The first time he’d robbed a place, he’d gone in to buy cigarettes and found an elderly and slow-moving woman behind the counter. It was as easy as stretching his hand toward the till and taking what was there. Then he paid as if he hadn’t done anything wrong, and the old woman, who knows why, had simply acquiesced to him and his six-foot, three-inch frame. The second time was at a small grocery about to close for the afternoon siesta. The woman working there was sewing booties for a baby, and he told her he had a gun but didn’t want to hurt her. If she just gave him some food he would leave right away. She filled a cloth bag with supplies. He asked for forgiveness before he left, saying he had never robbed anyone before, that life had been unkind to him, and that he understood he would never enter the kingdom of God.
The robberies were always in tiny towns that he passed through just the once: Rafael Perazza, Cardona, San Bautista, Nico Pérez, Colorado, Ecilda Paullier; places like that, unassuming and forgotten. He would leave Jessica’s Suzuki Alto a few blocks from his target and amble the rest of the way like any other mochilero. Never once had he glimpsed any sign of the cops, not even the transit police. It was as if there were some radar steering law enforcement away from him, or a puppet-master yanking them out of his path. It was true he had a gun, and it was loaded. Its original owner was a man from Jessica’s past, a self-important freemason from Melo. Jessica had always filled their home with items that belonged to others—usually men she briefly dated. When Ismael cleaned out the house, he connected the objects he found with people he’d long forgotten. Finding the Glock had surprised him. Who forgot a Glock? he thought. Later he remembered the man, a hard drinker with an insincere laugh.
***
The speech he gave the bodega owner was literary: “Esteemed madam, I have a gun. I’m a miscreant, just as you yourself are a good person. It is not the fault of society nor you nor anyone else that I’m here, only that I happened to turn out this way. I beg your forgiveness: If you give me all the money you have or that you can spare, you’ll never see me again. Thank you.”
He had other versions of that speech to hand, ranging from pleading to threatening, depending on whom he was robbing. This one was more grandiose because the woman was reading Dostoevsky and seemed distracted. Ismael didn’t know a thing about literature except what he’d learned in high school. A teacher with the surname Bozán had lent him “A Gentle Creature,” a novella he read in one go. He never returned the book.

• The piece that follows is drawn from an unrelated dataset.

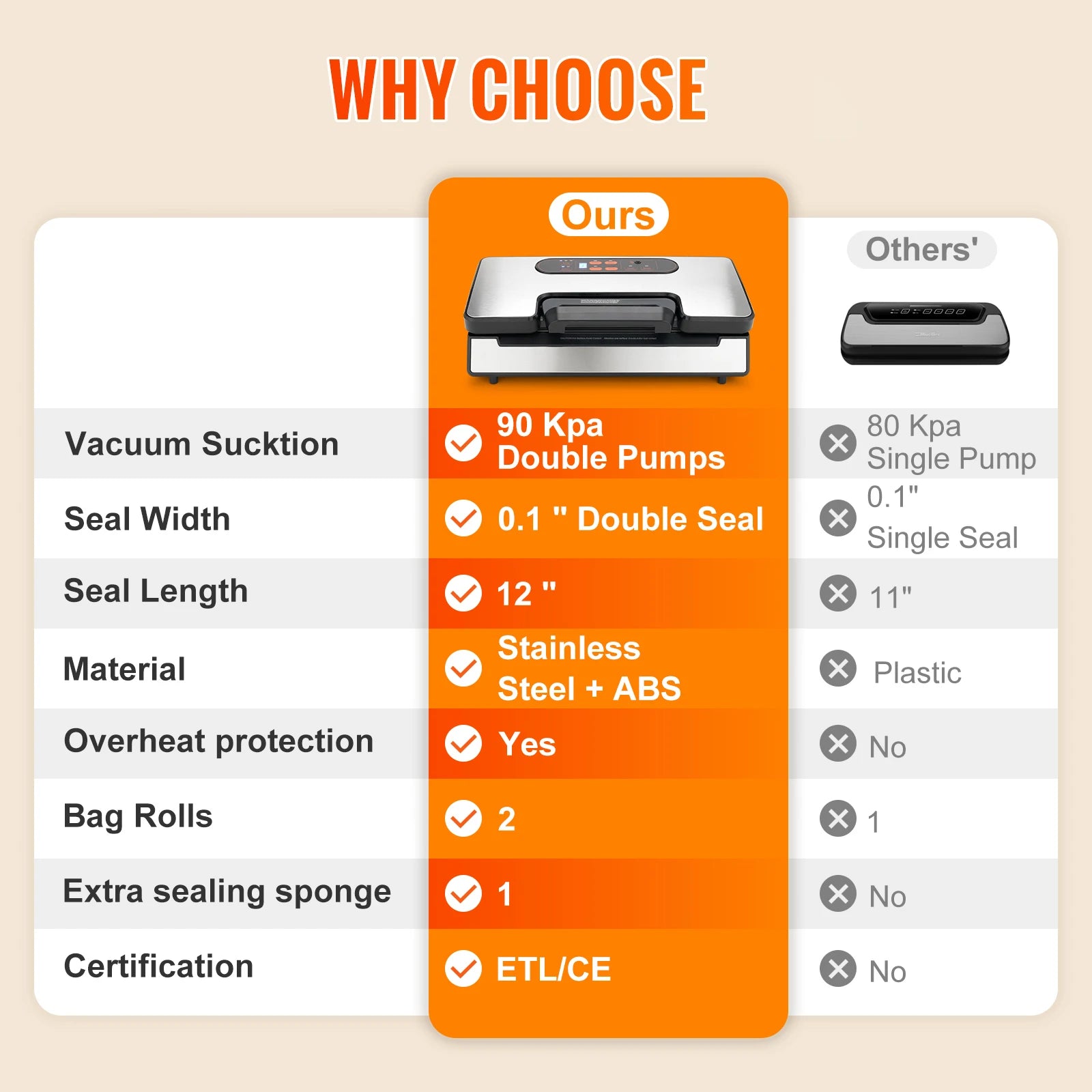- Dual 90KPa vacuum pumps and twin sealing strips deliver strong, reliable seals to prevent freezer burn while preserving texture and aroma.

The bodega owner told him no.
“What do you mean ‘No’?”
“No.”
“I’m robbing you. I’m not kidding. This isn’t a toy.”
He held the Glock sideways so that she could see it and gave her a hyena smile that revealed his bad tooth.

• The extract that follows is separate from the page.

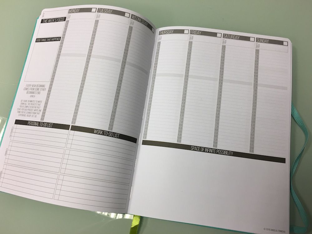 De weekoverzichten liggen echt helemaal in het verlengde van de maandschema’s. Je geeft aan wat de focus voor die week is en benoemd iedere dag ook een focuspunt. Vervolgens kun je afspraken maken tussen 06.00 en 10.30 uur. De tijd is verdeeld in blokken van een half uur, waarbij je één regeltje hebt om je afspraken te benoemen. Hiernaast bevat het weekoverzicht zowel een zakelijke als persoonlijke to do list, waarbij je ze kunt indelen op volgorde van prioriteit. Heb je daar niet genoeg aan of wil je meer beschrijven, dan is er ook nog vrije ruimte.

“So what? Maybe it’s not loaded.”
“I promise you it is.”
He knew because he had shot it once at a very strange and solitary flamingo that he saw in Arroyo Grande, just north of Ismael Cortinas, the village that was his namesake. He’d missed, and the bird, deaf or apathetic, hadn’t moved. For days after, though, the flamingo, who itself could have been the product of a dream from another world, had pursued him in his mind. He had quit drinking, so it wasn’t delirium. It was something he couldn’t explain, and he prayed to God that it wasn’t guilt.

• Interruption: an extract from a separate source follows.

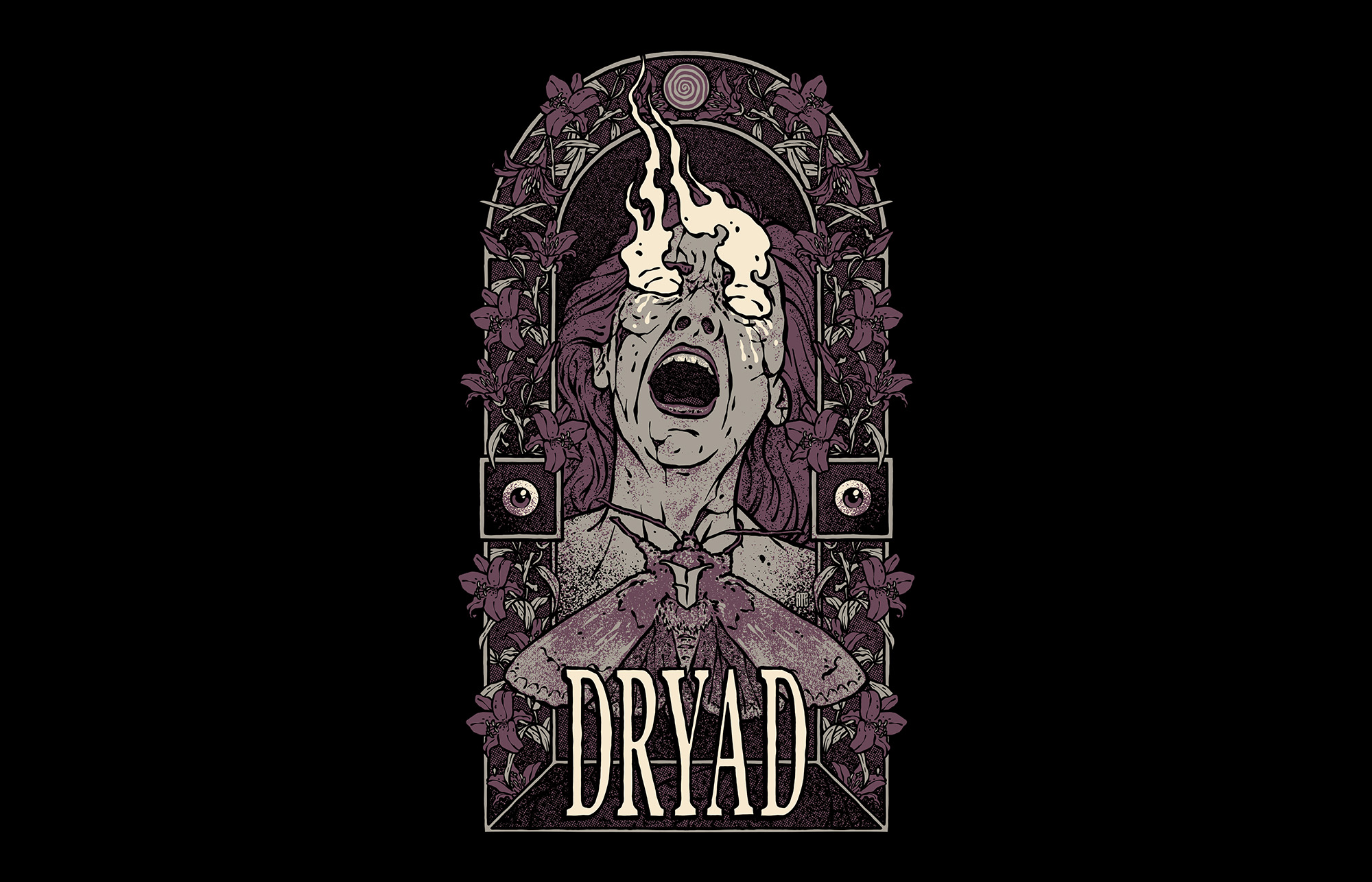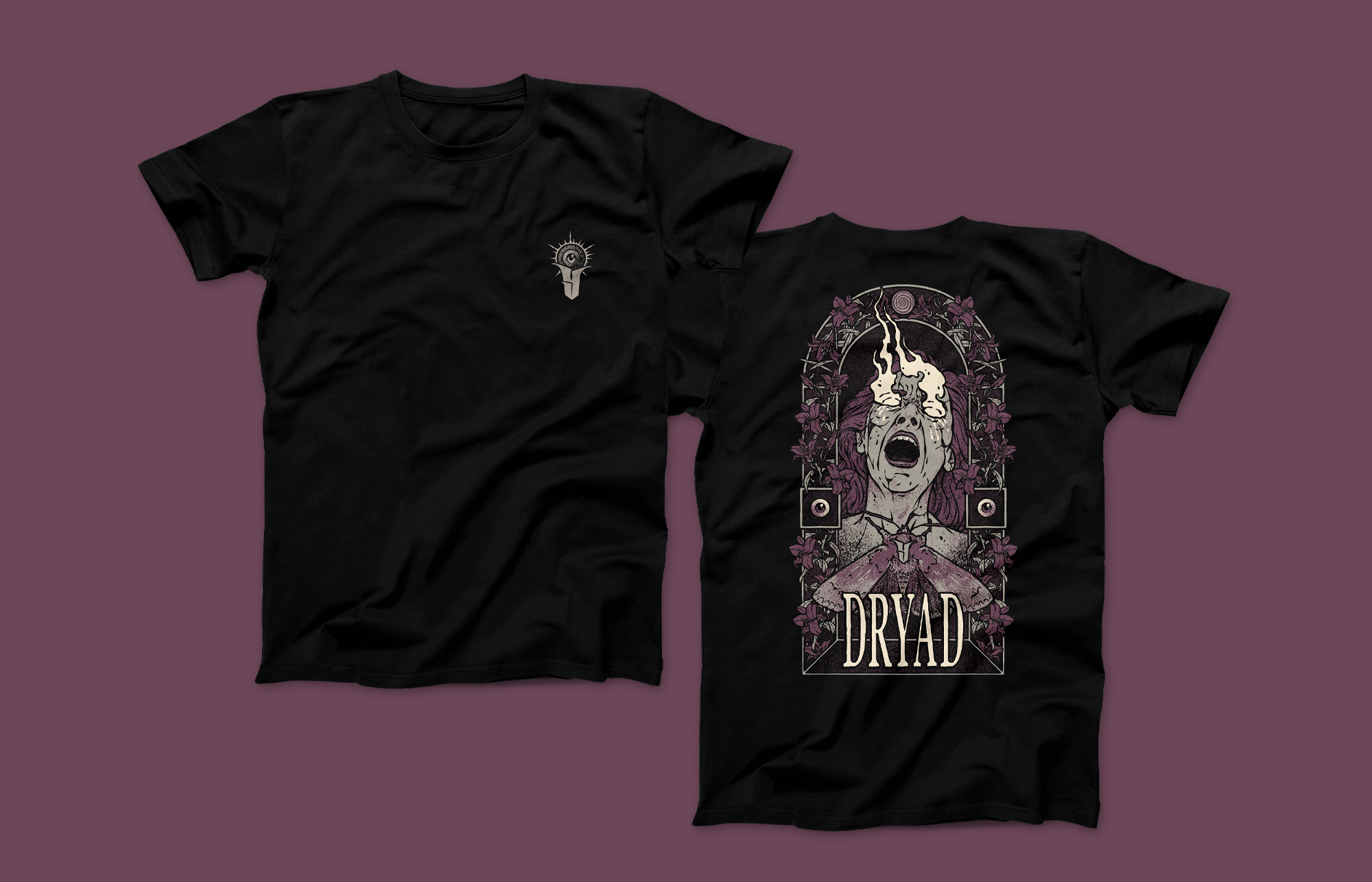Düstere Illustration im ATE-Stil. Für die Würzburger Band Dryad haben wir dieses T-Shirt Motiv illustriert. Perfekt passend zu deren Heavy Stoner Rock Musik.

Ismael Cortinas kept the pistol pointed at the woman while he looked around the store. There was a fragile wooden shelf, half-eaten by termites, holding various products: soaps, condoms, insect repellent, bandages, batteries, packs of cigarettes. On his right in a cooler he could see sodas that promised happiness. Another cooler had beer and energy drinks. To his left, a tall and narrow display with snacks, cookies, and packaged sweets, all with their own health warnings. Atop a metal stepladder, on the highest rung, dozed a cat.
“Give me the money or I’ll kill you, you old bitch.”
“Oh, what happened to ‘Esteemed Madam?’ Did you forget that part?”
He really looked at her then. She’d lived some 50 miserable years. She had hard eyes, like women from the port, a permanent worry line between her eyebrows, and her hands hidden below the counter. But in this abandoned town, dusty and wild and at the end of the world, it was unthinkable that there could be a gun.
“What happened, asshole? Cat got your tongue?”
“Give me the money—everything you have.” His eyelids danced. He felt the weight of his 18 years, the choices he’d made.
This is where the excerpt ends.